Reflective Journal Week 2 (13/03/2017)
Monday 13th March: What did I do? Today, I was introduced to Adobe Spark by David Walters. Adobe Spark seems like a much more appealing option for a journal than a written book. I spent all day converting work from my written journal into this online one, which took a while, but it will definitely be worth it in the long run as it's both quicker and more aesthetically pleasing!
So what? Using Adobe Spark will allow me to create detailed reflection on my work in a fast and efficient manner. The software allows me to structure my work with images, videos and text so I can expand on what I did much easily. The Videos will help the reader understand the steps I went through to create a certain design, and the images help with reference, inspiration and tools used, as well as being much more visibly appealing for any viewer in comparison to a written textbook.
Now what? I will continue to use Adobe Spark to do a weekly journal which shows progress from every day in that week. The journal is based on a simple principle, what?, so what?, now what? and this principle will be maintained throughout. As I continue to keep up this journal I can relate back to it at anytime if I need to recall any information or any process I forgot about. The journal will also be a key part of my final project as it is a way in which I can evaluate how I did from week to week. If I feel the need to delve into any of these sub-headings in more detail, I may explain it in a different section. These points are just for guidance. (what?, so what?, now what?)
Tuesday 14th March: What? Today I presented my idea to the class and tutor Jason Barlow using a PowerPoint presentation with my team mate Ryan Hodder. Going into the presentation, we had a pretty clear understanding of each other's role, and intended to take it in turns with each slide, explaining each bullet point in more depth. I felt very nervous going into the presentation as I was afraid of messing up due to the grading of the whole thing.
Our PowerPoint was simple with few bullet points that were intended to be a start point for us to expand on answering key questions regarding our concept, such as target audience, base concept, inspiration and our individual roles on the project. Looking at past presentations I realised it's much better to have less text on the slide so the viewers don't get too bored.This also allows you to relay much more information through speech. As a whole, I believe this was a pretty solid game plan for us to follow for a successful presentation.
Leading up to the presentation, we hadn't really done a run-through of the entire thing as we thought it would be enough for us to revise our own slides and know what we were going to say.
Our presentation also featured a clip that we were supposed to have time stamped from 3:00 to the end of the video. The video was to explain some of the inspiration we used when thinking of our concept, which was an oriental village based on Japanese culture.

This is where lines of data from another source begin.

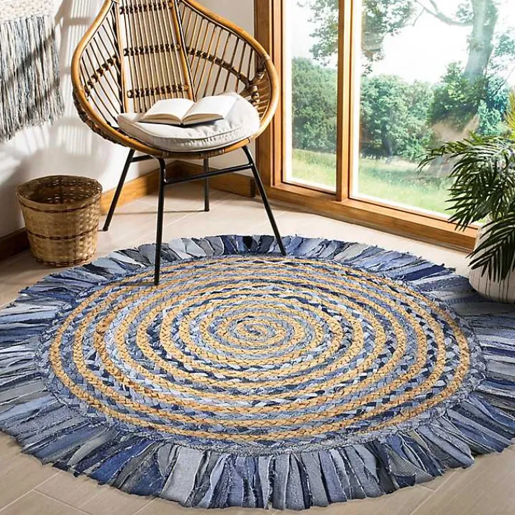 With its woven, earthy style, this Round Braided Jute and Denim Swirl Area Rug will bring an eclectic touch to your space. You’ll love how it fills your floors with unique texture!
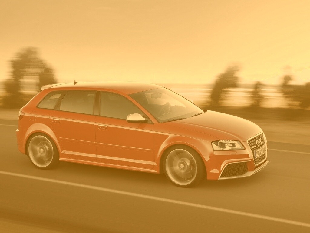 «Красная Audi модели RS3 на дороге»
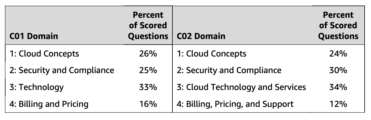 O conteúdo do exame é dividido em domínios, em cada domínio temos um percentual de questões. Não existe uma ordem pré-estabelecida no exame referente as questões por domínio, entretanto a sua abrangência cobre todo o escopo definido. Através da figura 1.1 vemos quais são os domínios do exame e o seu contexto em percentual. A prova de exame atualmente está em sua segunda versão, podemos observar pelo diagrama o que mudou no percentual de perguntas no exame ao longo do tempo, da versão C01 para a C02.

The presentation didn't have the strongest of starts with my team mate Ryan Hodder not being able to remember what he had revised to say. I noticed him struggling and reading the slides so I quickly decided to take over and say a few points while he recouped. He quickly took back over and gained confidence and was able to successfully finish his part. I was a bit shook up from the previous incident so I felt very pressured in my slide, leading me to repeat some things twice. However, I would say it went quite well. Midway through our presentation, Ryan was supposed to have explained a short clip which we time stamped around 3 minutes but he didn't get across everything that I was hoping for, so I tried to improvise and add onto his statement, but at this point he had already gone off the video so it was hard to relate what I was saying when the video wasn't there for the audience to see. The presentation finished fairly strong with me and Ryan feeling a bit more comfortable, I was also able to show off some of the work I had done previously on Japanese culture before even starting this project.